Every spring since I can remember, my mother has shown off her green thumb by transforming the front yard into a colorful oasis. When the newly-planted flowers opened in full bloom, she would excitedly urge each passerby to smell them. Each time I would lean over a flower to enjoy the aroma, I remember wondering--just for a flickering moment- -why she thought smelling the flowers was supposed to be so intriguing. As I sniffed for the pleasant smell that she assured me was hiding within the flower, I was never engulfed in any obvious cloud of scent. I remember peering directly into brightly colored petals that reminded me of my mother and so diligently trying to find the pleasant smell that eventually I convinced myself I could smell it. I wanted so badly to share my mother’s excitement, so I always told her that I enjoyed the smell. The strange mixture of confusion and uneasiness that I felt when my head was buried in silky flower petals had a way of lingering even when the flowers were no longer in bloom and snow fell on our East Tennessee farm.

I have always been convinced that my mother was somehow part bloodhound, as she is always seemingly able to identify the source of any scent floating within what seems like a 50-mile radius of her nose. Many times, when my family of four was packed into our gold Subaru Forester for a road trip, I was awakened from a nap in my booster seat by a shrill, “Sheeew!”

“Do you all smell that skunk?” my mother would ask as her face contorted into a grimace.
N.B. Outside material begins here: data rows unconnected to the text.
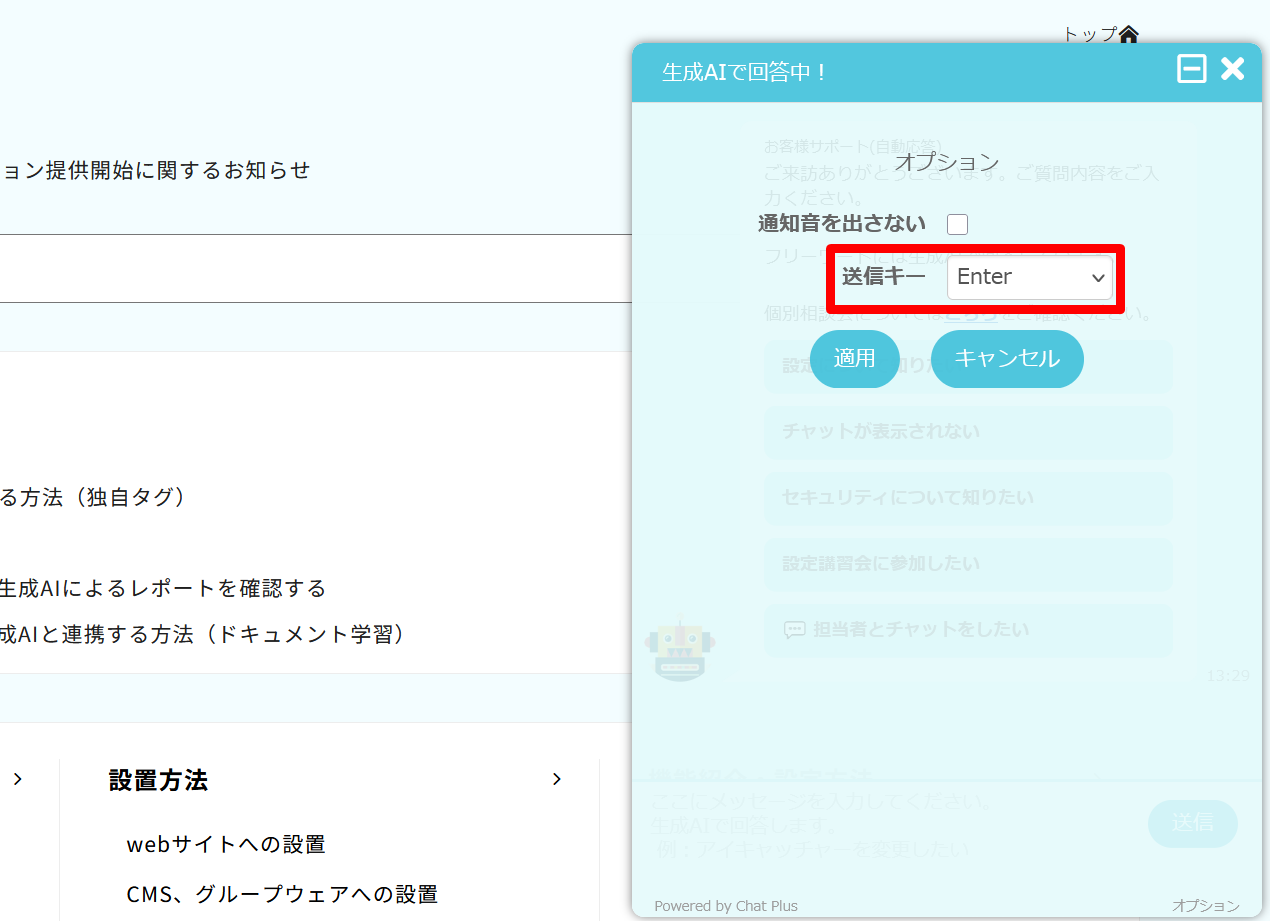 訪問者側で送信キーが指定できるようになりました。右下のオプションから変更できます。
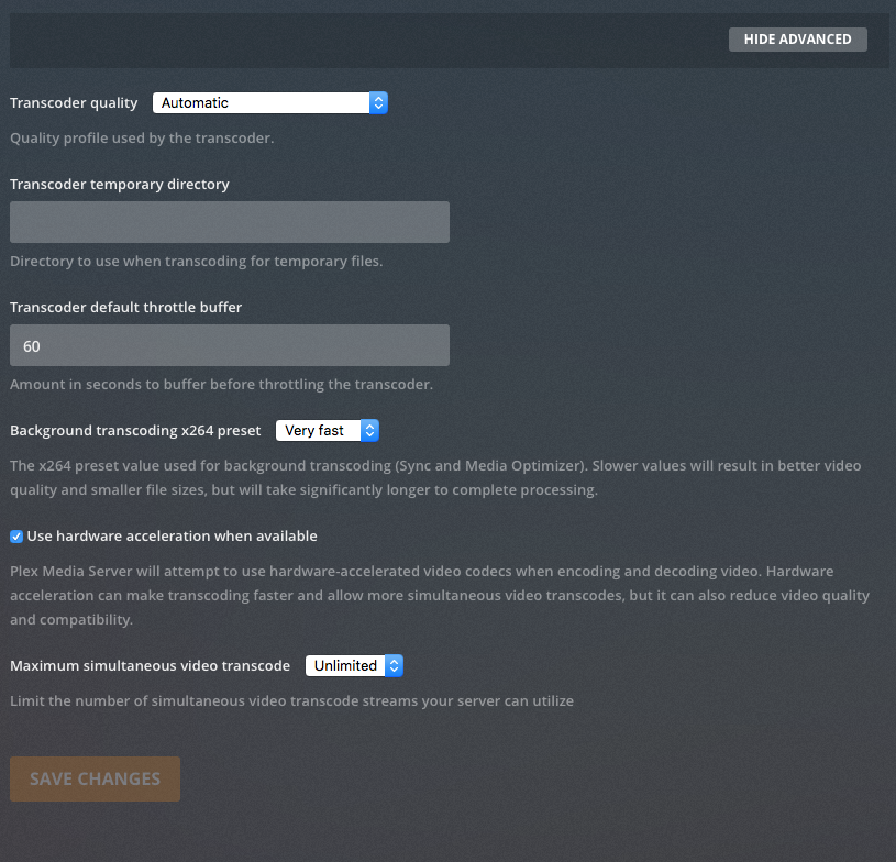 My hope was to use linux, and take advantage of hardware transcoding, but unfortunately I have run into some trouble. I installed Ubuntu 16.04 LTS server and plex, but the plex server setup UI does not show the Hardware Transcode option, and transcoding is happening on the CPU. Looking in the logs I see:
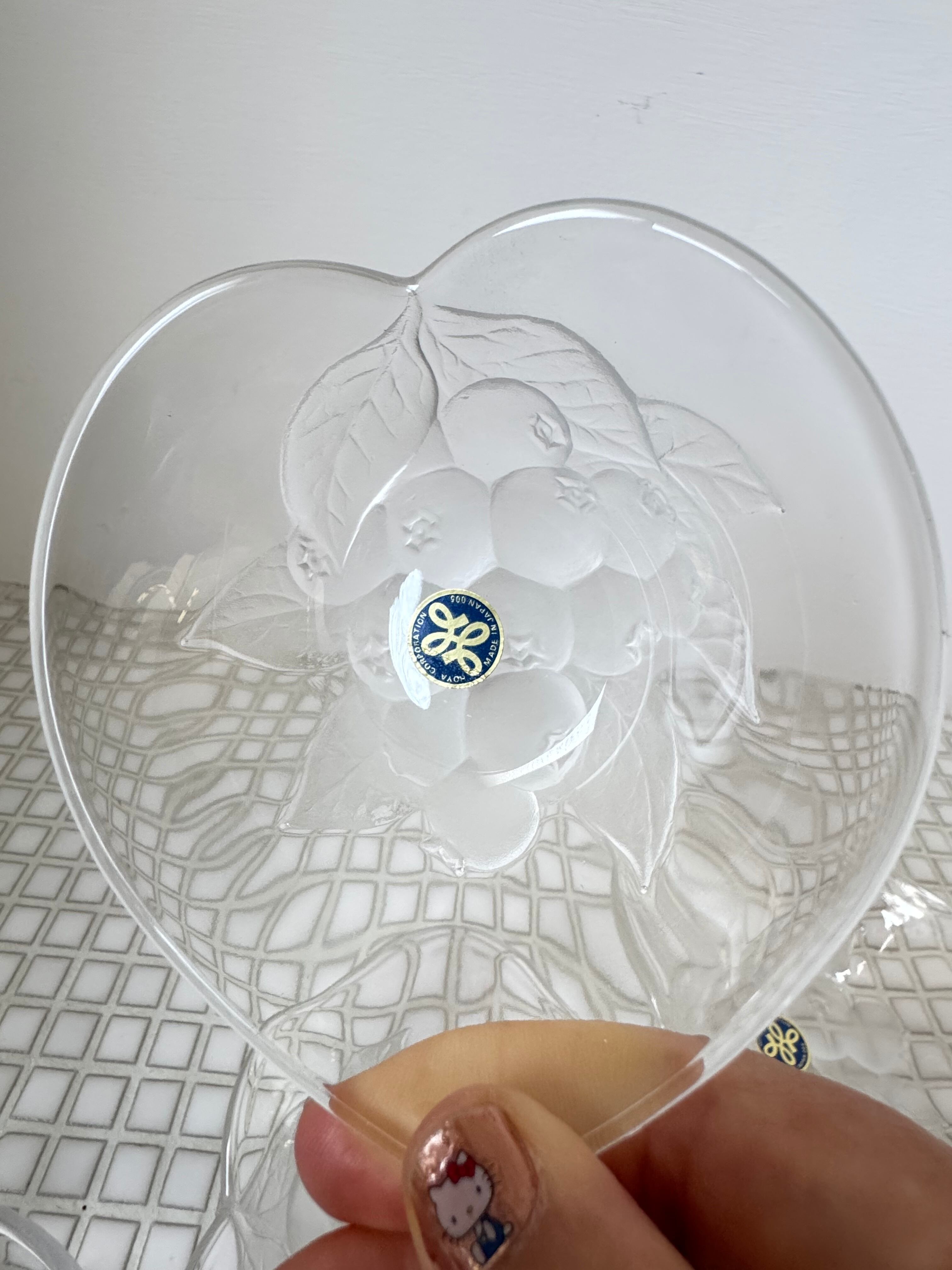 ブルーベリーの押し型が可愛い、HOYAクリスタルガラスの器。かたちもハート型で可愛いです。

It was not unusual for the rest of us to turn and look at each other in confusion as we sniffed for the elusive stench. Within the next few moments, though, my father and sister would grimace in agreement as their noses detected the skunk. Almost as if in a moment of déjà vu, my nose never burned with a force that produced a grimace, and no car- toonish light bulb appeared above my head. Instead, my eyes closed, and I willed my nose to become a radar, sending out radio waves sure to detect any smell within its path. After see- ing the rest of my family experience such outward reactions to the skunk’s odor, my subconscious mind began to play tricks on me.

“I think I feel something,” I thought to myself. “That faint itching sensation in your nose is probably the skunk’s smell.”

Though the anal glands of a rabbit-sized creature were able to somehow evoke my hidden memories of flower sniffing, it had not occurred to me at the time that I might not be experiencing smell the same way that the rest of my family did. Looking back, it seems strange that I did not pick up on my differences earlier. Little did I know, my mother had begun to catch on to my dilemma before I was even aware that I had a dilemma.

Every day on the ride home from elementary school, I sat in the back of the trusty gold Subaru and gave my mother an exhaustive account of the day’s happenings as Paul Harvey’s “The Rest of the Story” played in the background.

“What did you do at school today?” my mother asked each day with the same tone of genuine interest in her voice. Her nurturing spirit fostered this kind of relationship from the time that I was old enough to communicate. As the car wove through the historic district of Rogersville towards home, she looked at me in the rearview mirror with eyes that seemed to beckon me to say more. The perils of gym class, the square- shaped pizza served in the cafeteria, and my spelling words for the day—my mother heard it all. She always made sure to ask questions, and she somehow remembered the stories from day to day.

I now know that she had begun to notice a pattern when her bionic nose went on high alert and she repeated her coin phrase, “Do you smell that?” Though I usually claimed to smell the scent when asked, she noticed from my facial expressions that I did not seem to be experiencing the same thing that she was. She also realized that I never claimed to notice the presence of a scent unless someone else mentioned it. My mother, the picture of a Southern lady, has always been a woman of great tactfulness. As was the case with any topic, she chose her words carefully when inquiring about my sense of smell. She disguised her motive carefully, in much the same way as a pet owner administers a pill to a skeptical animal. The occasional quizzing was wrapped in a piece of Kraft cheese like a heartworm pill. Instead of pressing the issue further, my mother simply began to do some research.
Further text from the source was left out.